A report released on Tuesday by NATO’s Cooperative Cyber Defence Centre of Excellence (CCDCOE) outlined the risks of using Huawei's technology in 5G networks. The report cites China's "notorious reputation for persistent industrial espionage, and in particular for the close collaboration between government and Chinese industry." It treats 5G technology as a national security issue due to the fact that "core communications networks constitute fundamental infrastructure" relied upon by "systems of strategic importance for society, including security services and the military." Additionally, the report emphasizes that 5G technology will spur a "massive growth" in IoT services, increasing "not merely the degree but the very character of contemporary societies' digital dependency." The report is skeptical of claims that countries are restricting Huawei's technology on the basis of protectionism, given that the countries in question don't currently produce 5G technology and a ban on Huawei would delay the deployment of their networks.
The House Intelligence Committee plans to hold a hearing in the next few months to examine the threat that deepfake videos pose to elections (The Hill).
Fortunes of commerce.
The Massachusetts Institute of Technology (MIT) is ending its engagements with Huawei and ZTE "due to federal investigations regarding violations of sanction restrictions," the university's Vice President for Research announced in a letter on Wednesday (ZDNet).
Defense industry companies on Thursday announced the launch of the Supply Chain Cybersecurity Industry Task Force, which will be comprised of companies of all sizes who form the Defense Industrial Base Sector Coordinating Council. The task force's founders are BAE Systems, Boeing, Lockheed Martin, Northrop Grumman, and Raytheon (AiThority).

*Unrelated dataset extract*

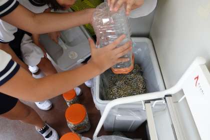 2年1組が、集まったプルトップを職員室前に持ってきてくれました。ありがとう。

The Office of Personnel Management issued its final rule allowing US agencies to more easily hire IT and cyber personnel. The regulation goes into effect on May 3rd (FCW).
Mergers and acquisitions.
French multinational aerospace, defense, transportation, and security company Thales Group has completed its purchase of Dutch digital security company Gemalto. More than 85% of Gemalto's shares were tendered, and the company's operations were consolidated into Thales on April 1st (Business Wire).
Japanese chip giant Renesas Electronics has completed its $6.7 billion acquisition of California-based chipmaker Integrated Device Technology (IDT). The purchase expands Renesas' grasp of the global market for self-driving car chips (Silicon Valley Business Journal).

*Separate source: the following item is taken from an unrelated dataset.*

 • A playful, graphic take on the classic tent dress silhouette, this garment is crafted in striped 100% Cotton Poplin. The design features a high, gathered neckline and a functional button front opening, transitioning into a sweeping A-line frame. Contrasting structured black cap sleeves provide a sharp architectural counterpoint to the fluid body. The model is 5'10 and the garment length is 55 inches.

Multinational networking hardware, software, and security company Juniper Networks has acquired California-based AI-driven networking startup Mist Systems (CRN).
Investments and exits.
Application security management provider Sqreen closed a $14 million Series A funding round led by Greylock Partners, with participation from Y Combinator and previous investors Alven Capital and Point Nine (GlobeNewswire).

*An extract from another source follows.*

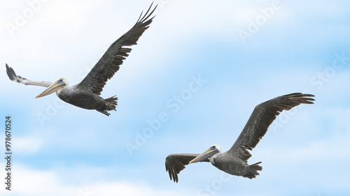 © Robert, Fototapeta premium A Pelican taking flight in Santa Cruz, California
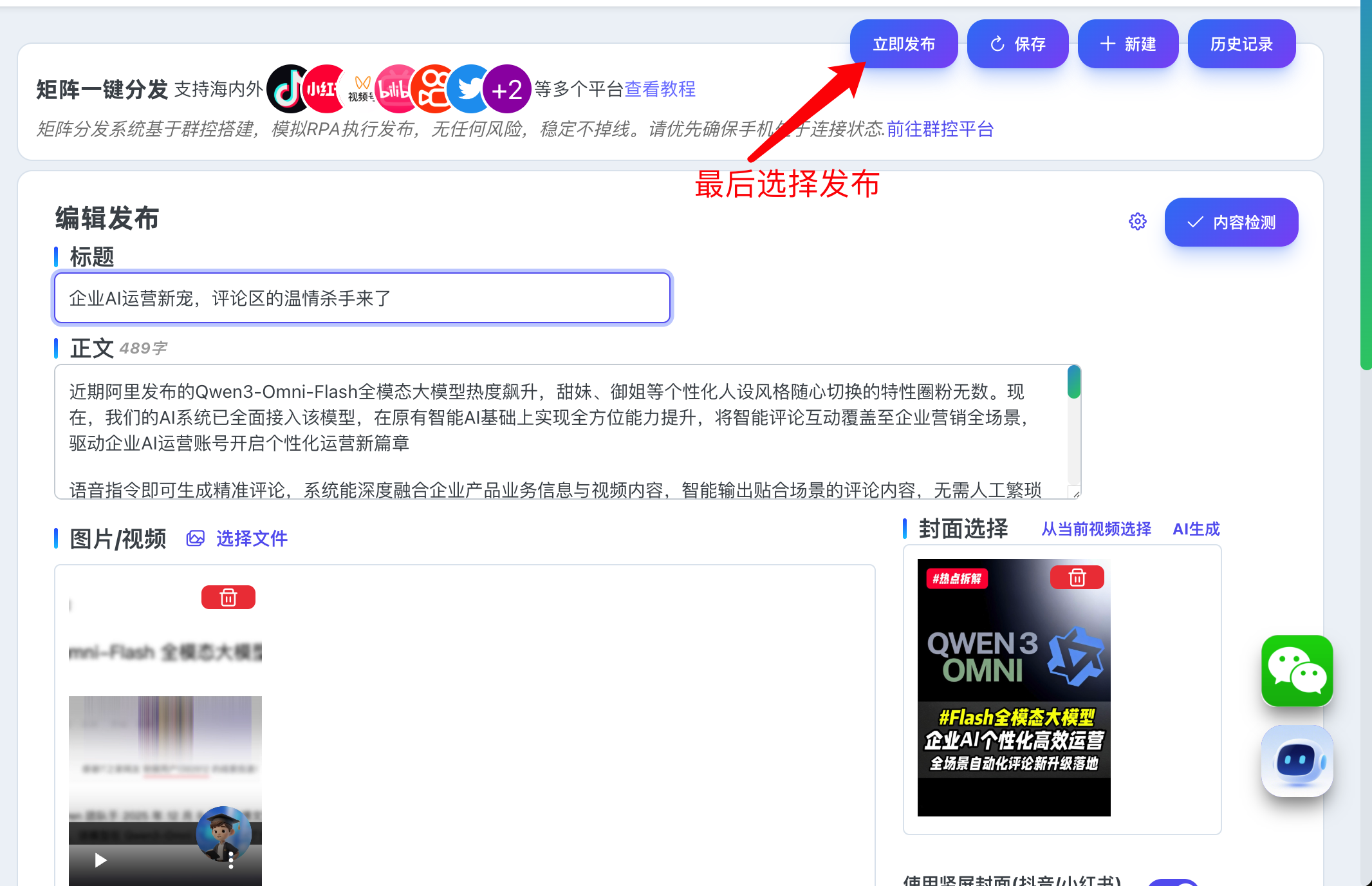 ✅提供结合视频、图文批量膜拜生成,高度自动化,实现内容创作到发布的完整自动化。

Tel Aviv-based container security startup Aqua Security announced the close of a $62 million Series C funding round led by Insight Partners, along with existing investors Lightspeed Venture Partners, M12, TLV Partners, and Shlomo Kramer (Aqua).
Manchester-based technology firm Intechnica closed a £2.85 million funding round for its cybersecurity division, Netacea. The round was led by NPIF Mercia Equity Finance with a £2 million investment. Mercia Technologies PLC invested £750,000, and £100,000 came from existing private investors (BusinessCloud).